Recorded information:

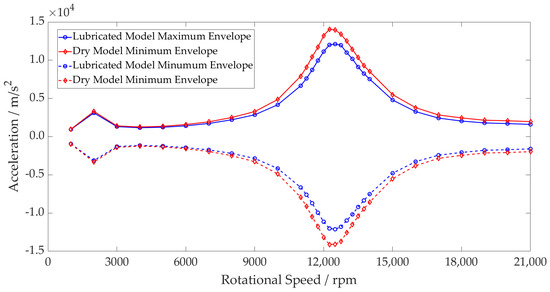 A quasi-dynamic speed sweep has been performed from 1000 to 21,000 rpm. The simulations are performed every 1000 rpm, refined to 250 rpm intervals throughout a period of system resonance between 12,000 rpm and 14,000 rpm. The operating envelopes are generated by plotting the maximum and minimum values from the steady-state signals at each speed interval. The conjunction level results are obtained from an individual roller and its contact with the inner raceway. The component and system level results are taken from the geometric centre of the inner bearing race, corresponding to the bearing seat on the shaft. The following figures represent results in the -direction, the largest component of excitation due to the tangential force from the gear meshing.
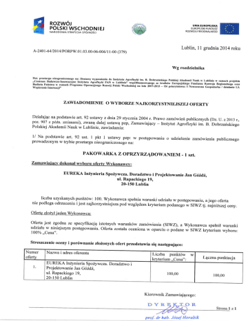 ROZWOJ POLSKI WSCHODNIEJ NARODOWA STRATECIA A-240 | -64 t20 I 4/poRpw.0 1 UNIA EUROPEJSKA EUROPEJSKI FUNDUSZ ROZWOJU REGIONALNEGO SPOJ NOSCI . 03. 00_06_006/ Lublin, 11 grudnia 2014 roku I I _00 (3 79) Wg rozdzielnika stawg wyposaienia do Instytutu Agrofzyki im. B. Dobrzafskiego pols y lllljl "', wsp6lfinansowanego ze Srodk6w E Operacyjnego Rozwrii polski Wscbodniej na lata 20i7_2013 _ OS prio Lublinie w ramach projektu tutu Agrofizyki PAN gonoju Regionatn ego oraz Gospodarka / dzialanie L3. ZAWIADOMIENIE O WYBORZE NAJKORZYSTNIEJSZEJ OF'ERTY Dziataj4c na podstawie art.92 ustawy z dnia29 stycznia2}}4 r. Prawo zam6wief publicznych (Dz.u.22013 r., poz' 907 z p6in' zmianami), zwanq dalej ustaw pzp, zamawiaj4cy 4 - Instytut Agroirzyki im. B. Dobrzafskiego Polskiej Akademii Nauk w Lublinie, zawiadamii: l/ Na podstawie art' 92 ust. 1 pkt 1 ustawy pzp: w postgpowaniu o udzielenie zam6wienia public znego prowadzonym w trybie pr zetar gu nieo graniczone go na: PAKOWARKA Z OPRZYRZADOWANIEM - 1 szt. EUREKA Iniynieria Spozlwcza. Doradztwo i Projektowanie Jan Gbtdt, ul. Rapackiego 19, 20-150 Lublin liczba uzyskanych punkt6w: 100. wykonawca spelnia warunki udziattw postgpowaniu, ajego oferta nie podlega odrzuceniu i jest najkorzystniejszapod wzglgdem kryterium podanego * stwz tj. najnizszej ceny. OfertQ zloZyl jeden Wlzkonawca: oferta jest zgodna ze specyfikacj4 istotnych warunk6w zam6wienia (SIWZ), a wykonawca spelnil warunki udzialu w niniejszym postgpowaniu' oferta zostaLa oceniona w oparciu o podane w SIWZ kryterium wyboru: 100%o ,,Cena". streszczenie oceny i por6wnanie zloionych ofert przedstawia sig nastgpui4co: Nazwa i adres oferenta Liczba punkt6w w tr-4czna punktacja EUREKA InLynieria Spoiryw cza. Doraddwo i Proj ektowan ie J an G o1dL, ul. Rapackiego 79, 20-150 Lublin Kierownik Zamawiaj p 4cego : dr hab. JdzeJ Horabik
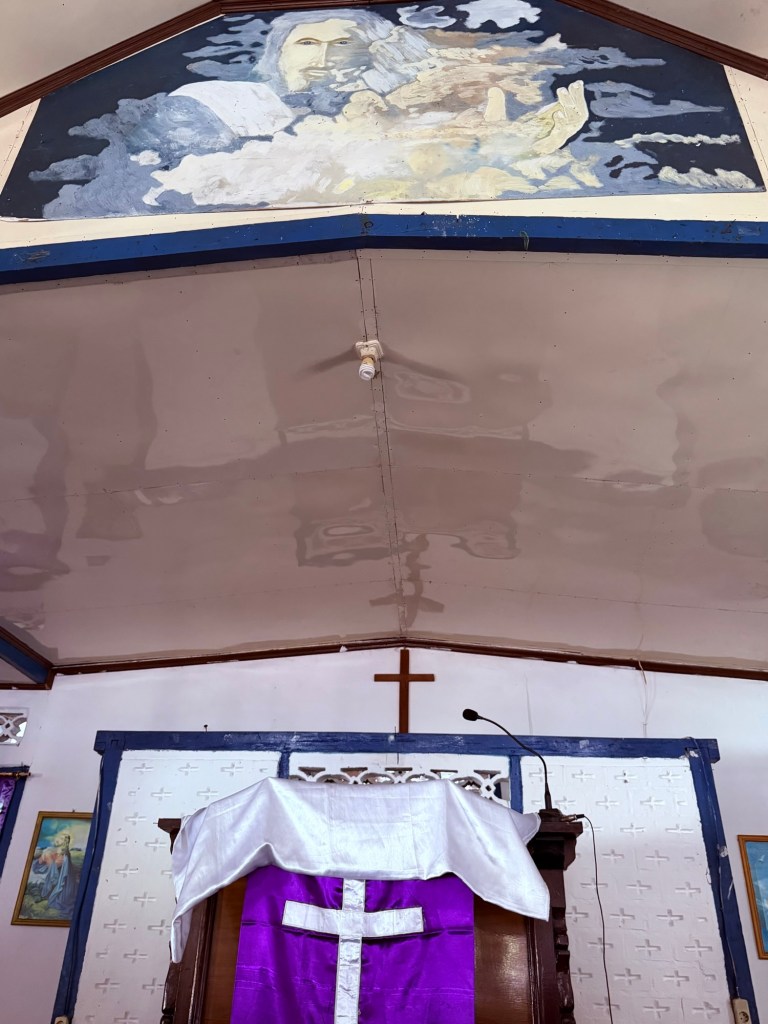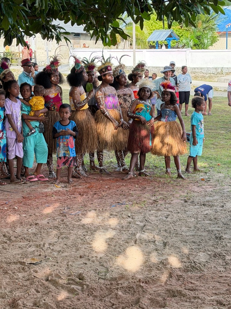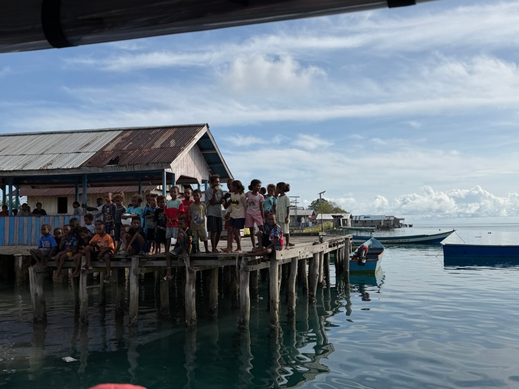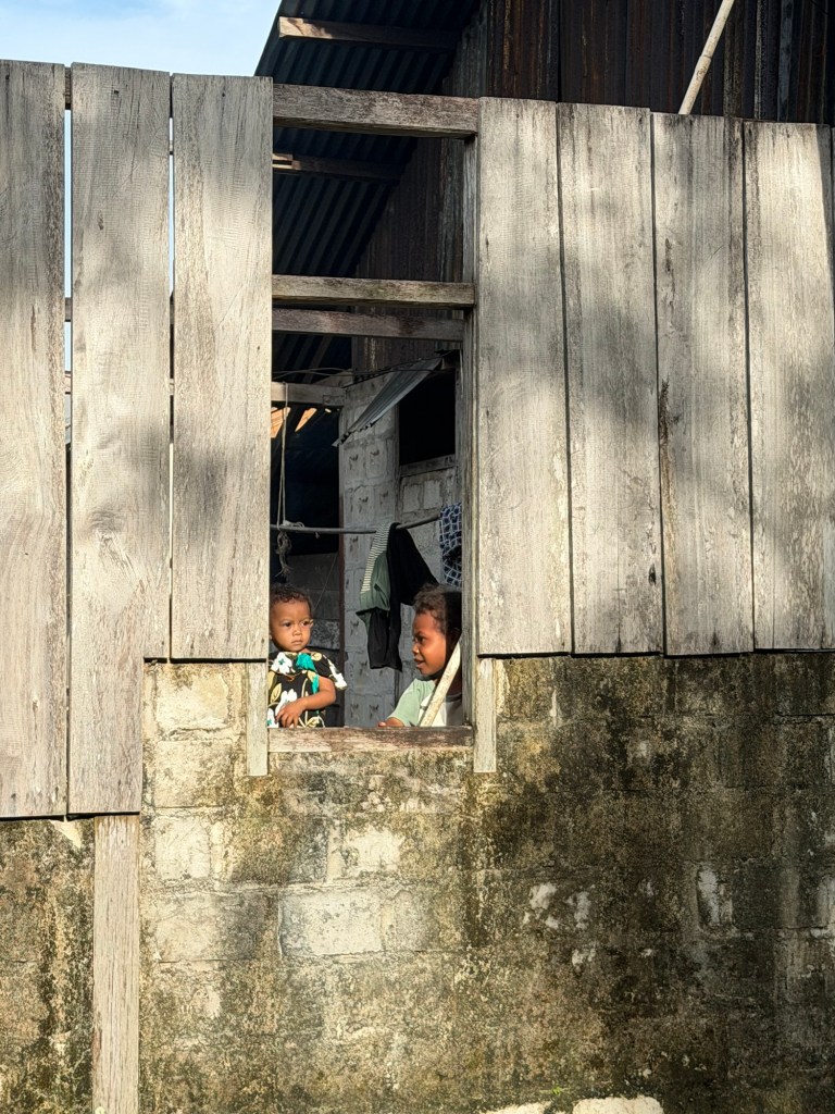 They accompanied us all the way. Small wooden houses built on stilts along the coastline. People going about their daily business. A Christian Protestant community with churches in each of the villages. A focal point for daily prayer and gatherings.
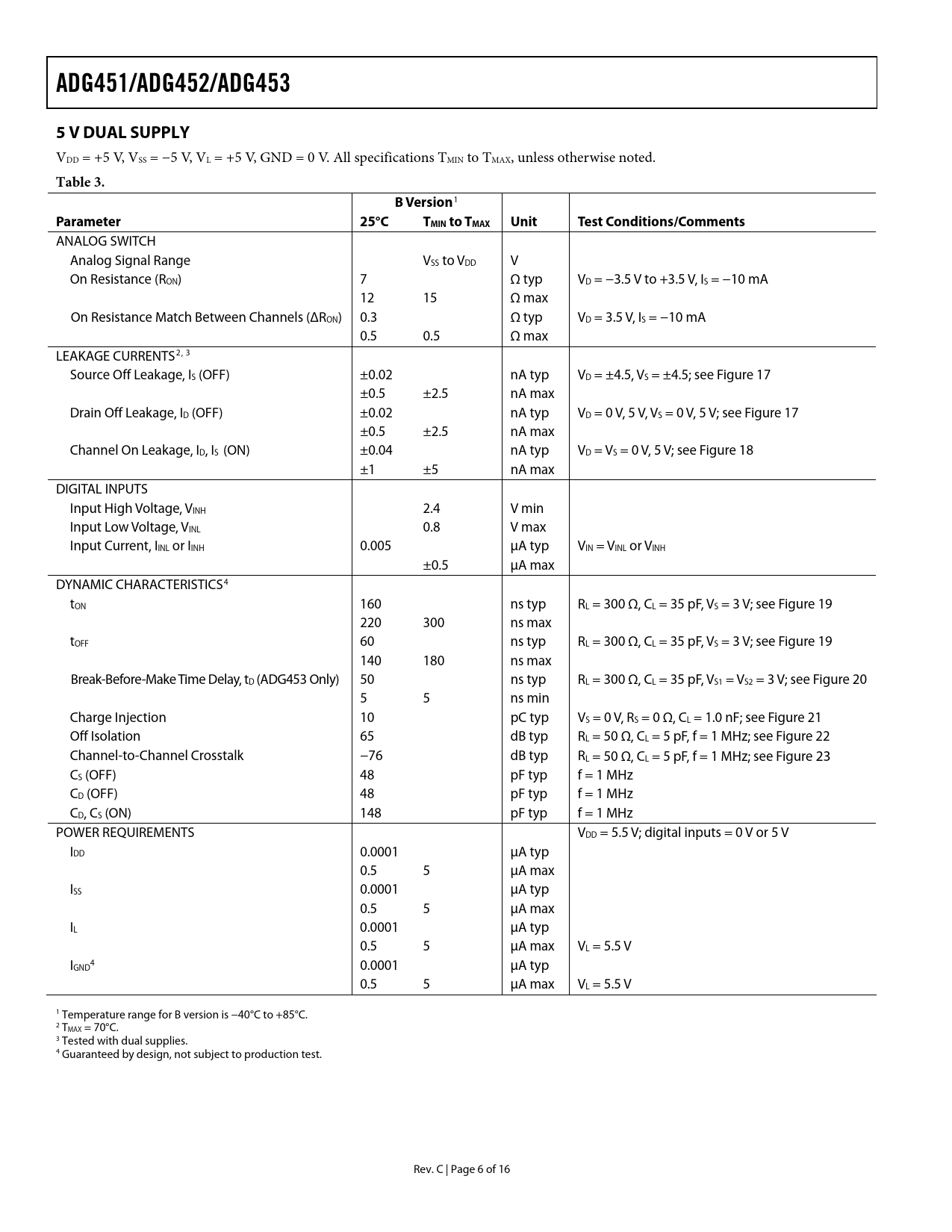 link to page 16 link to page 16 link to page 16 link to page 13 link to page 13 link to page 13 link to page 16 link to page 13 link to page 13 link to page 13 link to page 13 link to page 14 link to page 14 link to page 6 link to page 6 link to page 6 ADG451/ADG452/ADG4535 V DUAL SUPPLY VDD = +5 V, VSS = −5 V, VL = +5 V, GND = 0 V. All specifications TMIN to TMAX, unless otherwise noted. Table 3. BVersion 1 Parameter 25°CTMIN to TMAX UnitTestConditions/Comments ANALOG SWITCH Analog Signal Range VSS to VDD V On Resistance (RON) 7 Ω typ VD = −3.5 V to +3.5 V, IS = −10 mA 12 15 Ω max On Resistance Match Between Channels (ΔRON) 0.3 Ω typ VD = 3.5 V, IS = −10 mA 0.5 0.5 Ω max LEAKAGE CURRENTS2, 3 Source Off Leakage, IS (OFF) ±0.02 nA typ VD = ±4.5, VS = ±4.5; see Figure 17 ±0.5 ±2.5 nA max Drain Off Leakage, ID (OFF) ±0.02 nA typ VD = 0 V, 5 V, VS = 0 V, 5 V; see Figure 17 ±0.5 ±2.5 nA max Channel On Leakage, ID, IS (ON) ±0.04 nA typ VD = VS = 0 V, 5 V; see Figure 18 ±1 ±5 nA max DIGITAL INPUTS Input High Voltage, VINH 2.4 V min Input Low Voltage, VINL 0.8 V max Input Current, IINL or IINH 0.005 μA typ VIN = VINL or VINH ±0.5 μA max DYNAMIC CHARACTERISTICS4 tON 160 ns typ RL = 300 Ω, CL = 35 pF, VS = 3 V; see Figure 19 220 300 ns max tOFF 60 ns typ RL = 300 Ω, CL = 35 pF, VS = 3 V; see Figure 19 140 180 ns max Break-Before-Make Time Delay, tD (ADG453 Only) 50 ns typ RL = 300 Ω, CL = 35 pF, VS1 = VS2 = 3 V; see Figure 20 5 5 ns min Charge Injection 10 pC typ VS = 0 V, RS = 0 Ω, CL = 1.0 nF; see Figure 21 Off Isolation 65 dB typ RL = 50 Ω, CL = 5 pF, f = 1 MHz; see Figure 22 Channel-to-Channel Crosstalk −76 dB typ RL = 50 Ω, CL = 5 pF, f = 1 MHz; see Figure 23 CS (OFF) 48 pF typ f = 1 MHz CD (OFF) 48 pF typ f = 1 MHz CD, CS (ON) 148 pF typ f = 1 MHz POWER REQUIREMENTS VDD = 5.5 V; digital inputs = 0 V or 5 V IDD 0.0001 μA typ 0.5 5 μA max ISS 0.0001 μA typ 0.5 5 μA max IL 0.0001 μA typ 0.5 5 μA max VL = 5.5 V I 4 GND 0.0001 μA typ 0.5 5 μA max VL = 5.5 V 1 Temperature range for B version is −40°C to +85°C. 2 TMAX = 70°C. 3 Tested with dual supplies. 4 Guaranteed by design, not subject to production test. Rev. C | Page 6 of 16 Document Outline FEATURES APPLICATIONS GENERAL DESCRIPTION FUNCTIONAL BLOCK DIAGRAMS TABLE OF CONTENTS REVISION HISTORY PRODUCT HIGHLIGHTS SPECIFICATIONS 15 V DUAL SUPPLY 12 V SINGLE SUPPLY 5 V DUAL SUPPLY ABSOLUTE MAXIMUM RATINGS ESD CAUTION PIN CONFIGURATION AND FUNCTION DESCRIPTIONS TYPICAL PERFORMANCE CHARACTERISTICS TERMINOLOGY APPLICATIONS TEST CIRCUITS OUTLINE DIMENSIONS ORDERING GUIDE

Work required:
Would you write out all of the data exactly as it stands, without the pictures?

Exercise output:
 A quasi-dynamic speed sweep has been performed from 1000 to 21,000 rpm. The simulations are performed every 1000 rpm, refined to 250 rpm intervals throughout a period of system resonance between 12,000 rpm and 14,000 rpm. The operating envelopes are generated by plotting the maximum and minimum values from the steady-state signals at each speed interval. The conjunction level results are obtained from an individual roller and its contact with the inner raceway. The component and system level results are taken from the geometric centre of the inner bearing race, corresponding to the bearing seat on the shaft. The following figures represent results in the -direction, the largest component of excitation due to the tangential force from the gear meshing.
 ROZWOJ POLSKI WSCHODNIEJ NARODOWA STRATECIA A-240 | -64 t20 I 4/poRpw.0 1 UNIA EUROPEJSKA EUROPEJSKI FUNDUSZ ROZWOJU REGIONALNEGO SPOJ NOSCI . 03. 00_06_006/ Lublin, 11 grudnia 2014 roku I I _00 (3 79) Wg rozdzielnika stawg wyposaienia do Instytutu Agrofzyki im. B. Dobrzafskiego pols y lllljl "', wsp6lfinansowanego ze Srodk6w E Operacyjnego Rozwrii polski Wscbodniej na lata 20i7_2013 _ OS prio Lublinie w ramach projektu tutu Agrofizyki PAN gonoju Regionatn ego oraz Gospodarka / dzialanie L3. ZAWIADOMIENIE O WYBORZE NAJKORZYSTNIEJSZEJ OF'ERTY Dziataj4c na podstawie art.92 ustawy z dnia29 stycznia2}}4 r. Prawo zam6wief publicznych (Dz.u.22013 r., poz' 907 z p6in' zmianami), zwanq dalej ustaw pzp, zamawiaj4cy 4 - Instytut Agroirzyki im. B. Dobrzafskiego Polskiej Akademii Nauk w Lublinie, zawiadamii: l/ Na podstawie art' 92 ust. 1 pkt 1 ustawy pzp: w postgpowaniu o udzielenie zam6wienia public znego prowadzonym w trybie pr zetar gu nieo graniczone go na: PAKOWARKA Z OPRZYRZADOWANIEM - 1 szt. EUREKA Iniynieria Spozlwcza. Doradztwo i Projektowanie Jan Gbtdt, ul. Rapackiego 19, 20-150 Lublin liczba uzyskanych punkt6w: 100. wykonawca spelnia warunki udziattw postgpowaniu, ajego oferta nie podlega odrzuceniu i jest najkorzystniejszapod wzglgdem kryterium podanego * stwz tj. najnizszej ceny. OfertQ zloZyl jeden Wlzkonawca: oferta jest zgodna ze specyfikacj4 istotnych warunk6w zam6wienia (SIWZ), a wykonawca spelnil warunki udzialu w niniejszym postgpowaniu' oferta zostaLa oceniona w oparciu o podane w SIWZ kryterium wyboru: 100%o ,,Cena". streszczenie oceny i por6wnanie zloionych ofert przedstawia sig nastgpui4co: Nazwa i adres oferenta Liczba punkt6w w tr-4czna punktacja EUREKA InLynieria Spoiryw cza. Doraddwo i Proj ektowan ie J an G o1dL, ul. Rapackiego 79, 20-150 Lublin Kierownik Zamawiaj p 4cego : dr hab. JdzeJ Horabik
 They accompanied us all the way. Small wooden houses built on stilts along the coastline. People going about their daily business. A Christian Protestant community with churches in each of the villages. A focal point for daily prayer and gatherings.
 link to page 16 link to page 16 link to page 16 link to page 13 link to page 13 link to page 13 link to page 16 link to page 13 link to page 13 link to page 13 link to page 13 link to page 14 link to page 14 link to page 6 link to page 6 link to page 6 ADG451/ADG452/ADG4535 V DUAL SUPPLY VDD = +5 V, VSS = −5 V, VL = +5 V, GND = 0 V. All specifications TMIN to TMAX, unless otherwise noted. Table 3. BVersion 1 Parameter 25°CTMIN to TMAX UnitTestConditions/Comments ANALOG SWITCH Analog Signal Range VSS to VDD V On Resistance (RON) 7 Ω typ VD = −3.5 V to +3.5 V, IS = −10 mA 12 15 Ω max On Resistance Match Between Channels (ΔRON) 0.3 Ω typ VD = 3.5 V, IS = −10 mA 0.5 0.5 Ω max LEAKAGE CURRENTS2, 3 Source Off Leakage, IS (OFF) ±0.02 nA typ VD = ±4.5, VS = ±4.5; see Figure 17 ±0.5 ±2.5 nA max Drain Off Leakage, ID (OFF) ±0.02 nA typ VD = 0 V, 5 V, VS = 0 V, 5 V; see Figure 17 ±0.5 ±2.5 nA max Channel On Leakage, ID, IS (ON) ±0.04 nA typ VD = VS = 0 V, 5 V; see Figure 18 ±1 ±5 nA max DIGITAL INPUTS Input High Voltage, VINH 2.4 V min Input Low Voltage, VINL 0.8 V max Input Current, IINL or IINH 0.005 μA typ VIN = VINL or VINH ±0.5 μA max DYNAMIC CHARACTERISTICS4 tON 160 ns typ RL = 300 Ω, CL = 35 pF, VS = 3 V; see Figure 19 220 300 ns max tOFF 60 ns typ RL = 300 Ω, CL = 35 pF, VS = 3 V; see Figure 19 140 180 ns max Break-Before-Make Time Delay, tD (ADG453 Only) 50 ns typ RL = 300 Ω, CL = 35 pF, VS1 = VS2 = 3 V; see Figure 20 5 5 ns min Charge Injection 10 pC typ VS = 0 V, RS = 0 Ω, CL = 1.0 nF; see Figure 21 Off Isolation 65 dB typ RL = 50 Ω, CL = 5 pF, f = 1 MHz; see Figure 22 Channel-to-Channel Crosstalk −76 dB typ RL = 50 Ω, CL = 5 pF, f = 1 MHz; see Figure 23 CS (OFF) 48 pF typ f = 1 MHz CD (OFF) 48 pF typ f = 1 MHz CD, CS (ON) 148 pF typ f = 1 MHz POWER REQUIREMENTS VDD = 5.5 V; digital inputs = 0 V or 5 V IDD 0.0001 μA typ 0.5 5 μA max ISS 0.0001 μA typ 0.5 5 μA max IL 0.0001 μA typ 0.5 5 μA max VL = 5.5 V I 4 GND 0.0001 μA typ 0.5 5 μA max VL = 5.5 V 1 Temperature range for B version is −40°C to +85°C. 2 TMAX = 70°C. 3 Tested with dual supplies. 4 Guaranteed by design, not subject to production test. Rev. C | Page 6 of 16 Document Outline FEATURES APPLICATIONS GENERAL DESCRIPTION FUNCTIONAL BLOCK DIAGRAMS TABLE OF CONTENTS REVISION HISTORY PRODUCT HIGHLIGHTS SPECIFICATIONS 15 V DUAL SUPPLY 12 V SINGLE SUPPLY 5 V DUAL SUPPLY ABSOLUTE MAXIMUM RATINGS ESD CAUTION PIN CONFIGURATION AND FUNCTION DESCRIPTIONS TYPICAL PERFORMANCE CHARACTERISTICS TERMINOLOGY APPLICATIONS TEST CIRCUITS OUTLINE DIMENSIONS ORDERING GUIDE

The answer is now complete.